I am planning to do a reliability study in which I want to test the inter-rater reliability of an histopathological grading scheme (several pathologists grade a set of biopsies under the microscope). The grading scheme has 5 categories on an ordinal scale. There will be multiple raters. I am planning to use Krippendorff`s alpha as a reliability measure.
I have 2 questions related to this:
  • Is there any way to perform a sample size calculation?
  • In which way is the result influenced by the number of cases in each category? As some of the categories in my grading scheme are rare, there is a risk that these categories will not be represented in a random sample (or very small in numbers in a proportionate sample). Is it an option to create a sample with even distribution of all categories?
Thanks for Your help.


Less is more.

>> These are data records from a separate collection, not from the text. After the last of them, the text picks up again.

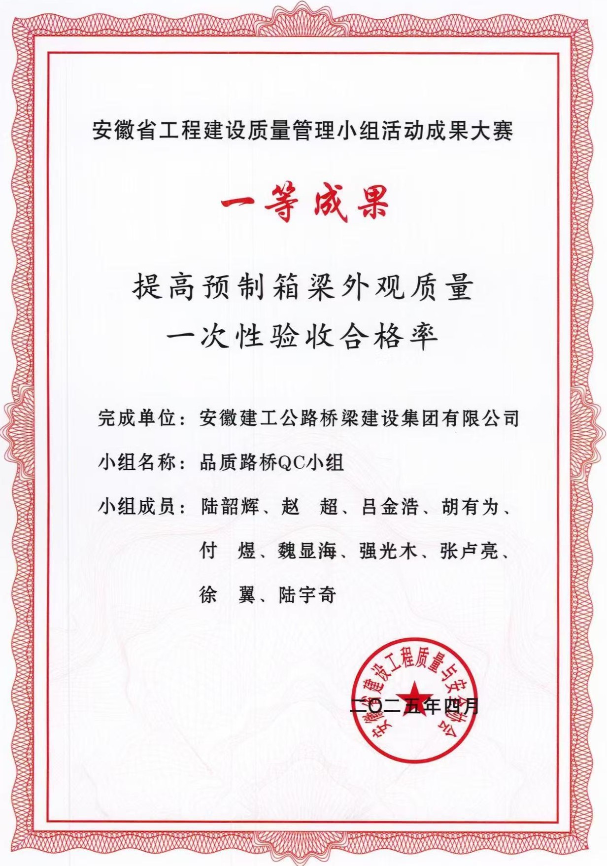 黨支部牽頭組建“品質(zhì)路橋”QC小組,聚焦預(yù)制箱梁外觀質(zhì)量痛點(diǎn),對材料管理實(shí)行原材料進(jìn)場雙檢,針對性開展關(guān)鍵材料性能試驗(yàn);預(yù)制工藝嚴(yán)控模板拼裝精度,優(yōu)化混凝土振搗方式。改進(jìn)后,預(yù)制箱梁外觀合格率從89.67%提升至95.44%,每片修飾時(shí)間縮短2小時(shí)。成果《提高預(yù)制箱梁外觀質(zhì)量一次驗(yàn)收合格率》獲安徽省QC成果一等獎(jiǎng),以“紅色匠心”護(hù)航工程品質(zhì)。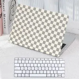 Compatible with MacBook Air 13 inch Case 2025-2022 M4 M3 M2 A3240 A3113 A2681, Classy Luxury Textured Checker Checkerboard Grid Pattern PU Leather Hard Shell & Keyboard Cover, Beige Checkered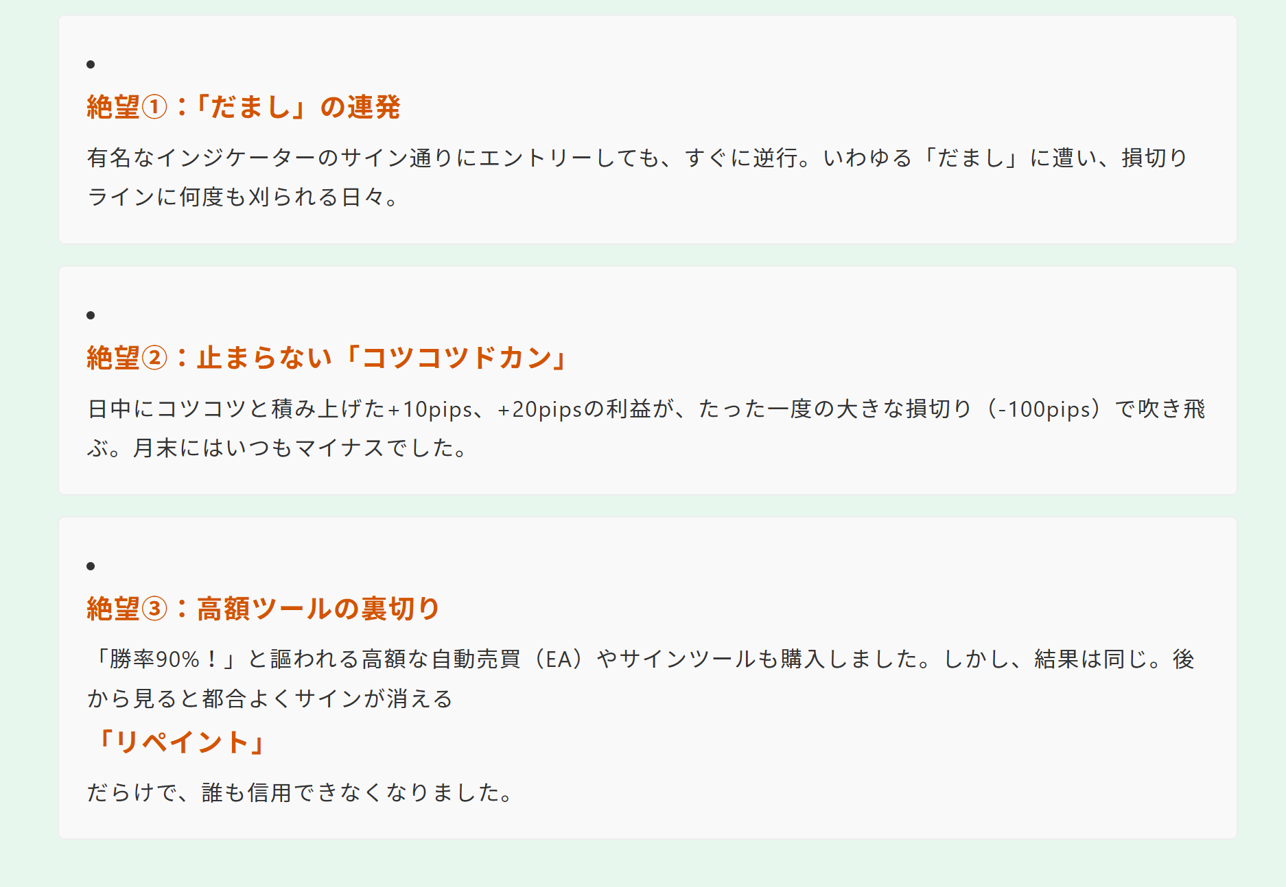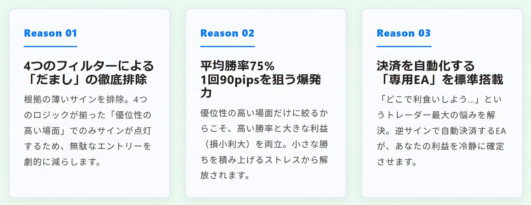 FX歴3年ですが、サインが出ても逆行する「だまし」に悩まされ、コツコツドカンを繰り返していました。これは4つのフィルターが揃わないとサインが出ないので、本当に優位性の高い場面だけを待てるようになり、無駄なエントリーが激減。初めて月次で安定してプラスになりました。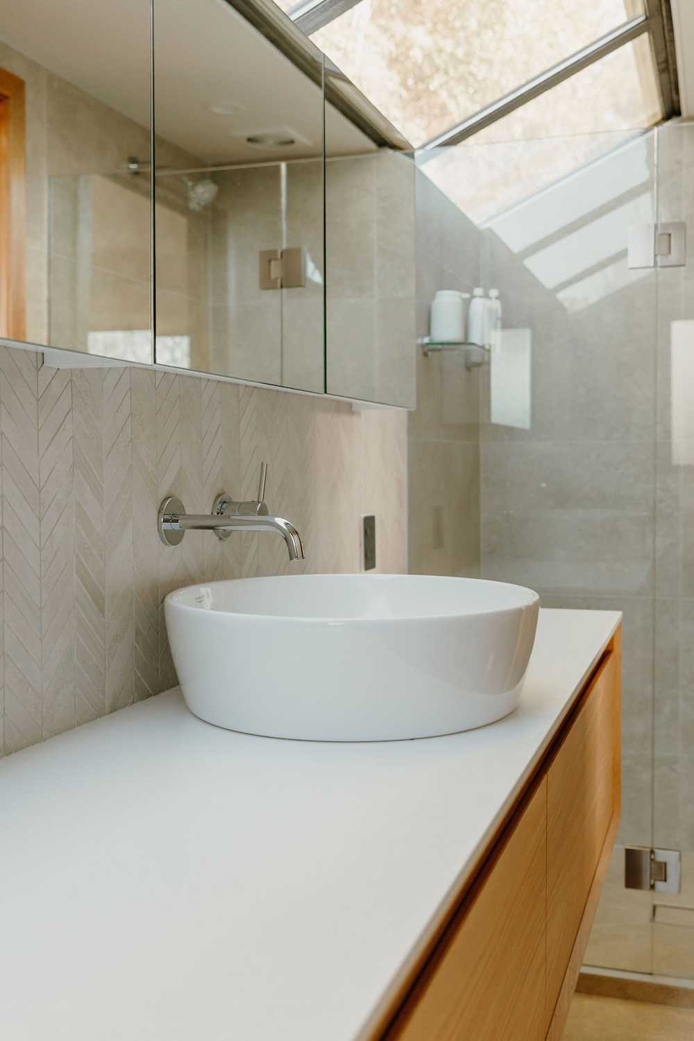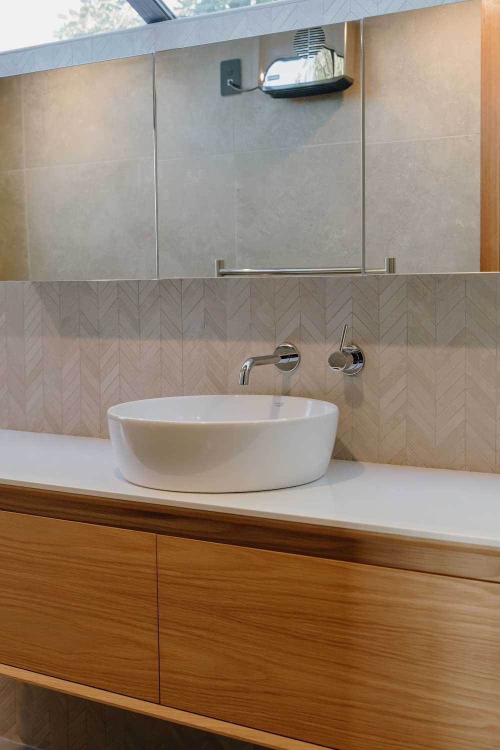 This cold south facing bathroom was in need of an update. I was brought in to assist with specification of all finishes, tiles, cabinetry, fittings and hardware as well as a tweak in layout for this project.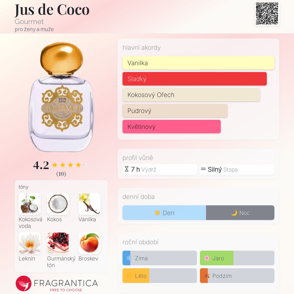 Jus de Coco podle Gourmet je Floral Fruity Gourmand vůně pro ženy a muže. Toto je nová vůně. Jus de Coco byl/a uveden/a v roce 2024. Vrchní tóny jsou Kokosová voda, Kokos, Leknín a Broskev; střední tóny jsouJasmín, Konvalinka a Magnólie ; základní tóny jsou Vanilka, Gurmánský tón a Pižmo.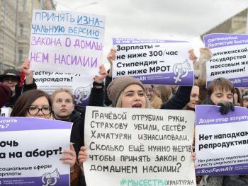 За полчаса до начала шествия у рамок скопилась внушительная очередь. Полицейские тщательно проверяли сумки, содержимое бутылок, а также просили расстёгивать верхнюю одежду. Видимо, боялись, что кто-то может пронести "неподходящий" плакат. Плакаты, как обычно, проходили проверку в отдельном шатре.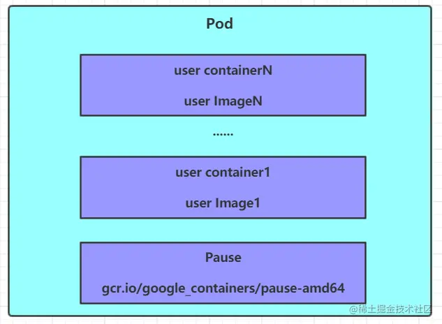 - 每启动一个pod,同时也会启动一个伴随容器(pause容器),pause伴随着pod的启动而启动,pod的删除而删除。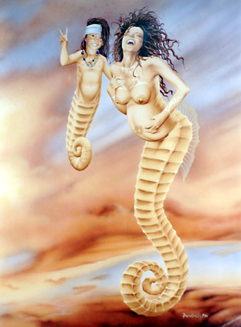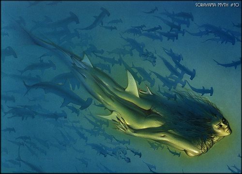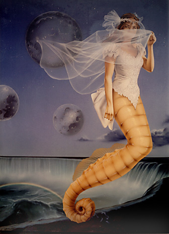 在航海史上曾经有这样的传说:一天,一艘威尼斯商船正从印度返航,当天夜晚,皓月似银,海平如镜,水手们忽然看见水面远处出现一个人身尾鱼的美人,裸着胸怀,抱着恬静吸奶的婴儿,但等到他们驶近,却什么也不见了。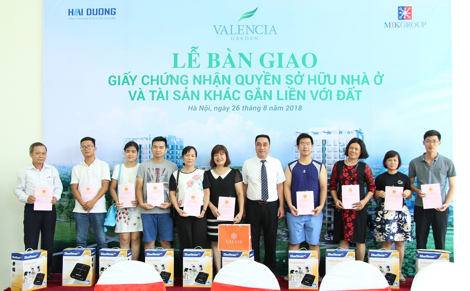 CafeLand - Sáng ngày 26/08 vừa qua, cư dân tại dự án Valencia Garden (CT19B Khu đô thị mới Việt Hưng, Long Biên, Hà Nội) đã được đơn vị phát triển dự án MIKGroup cùng chủ đầu tư Công ty TNHH đầu tư và tư vấn Hải Dương trao Giấy chứng nhận quyền sở hữu nhà ở.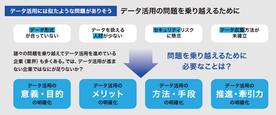 たとえば医療業界では、病院内での「電子カルテ」の導入など、徐々にデジタル化が進んでいるが、データの活用となると様々な問題がある。医療機関の中でも「各部門のデータの形式が合っていないので連携できない」「溜まったデータを分析する人材がいない」「患者のデータを扱うためにはデータ漏洩のリスクが懸念」「地域の公共機関や医療機関と連携するにもデータ収集方法が未確立」など、データ活用に向けてさまざまな問題点が存在している。また、教育業界、例えば大学などの教育機関でも、「データ形式問題」「人材問題」「セキュリティリスク」「データの収集問題」など、同様の障壁、問題が存在している。これまでの通り、データ活用が進んでいない業界では「データ形式が合っていない」、「データを扱える人材が少ない」、「セキュリティリスクに懸念」、「データ収集方法が未確立」といった共通の、類似問題があるが、一方でデータ活用を進めている企業、業界では、これらの問題を乗り越えてデータ活用を進めている。

Stay pure. Stay poor.
I haven't done a rater test in over a decade, but regardless if they is an actual power calculation, you could simulate what you expect your results to look like and play around with sample sizes. I get that there likely could be an infinite number of scenarios to explore, so perhaps create what you believe it would look like and the two extremes of best and worst case scenarios.

Correct, if you have a finite sample size and rare classifications there could be issues in ruling out chance, but I can't remember the Krippendorff formula well enough to be more useful. You can play around with this in simulations as well.

Good luck!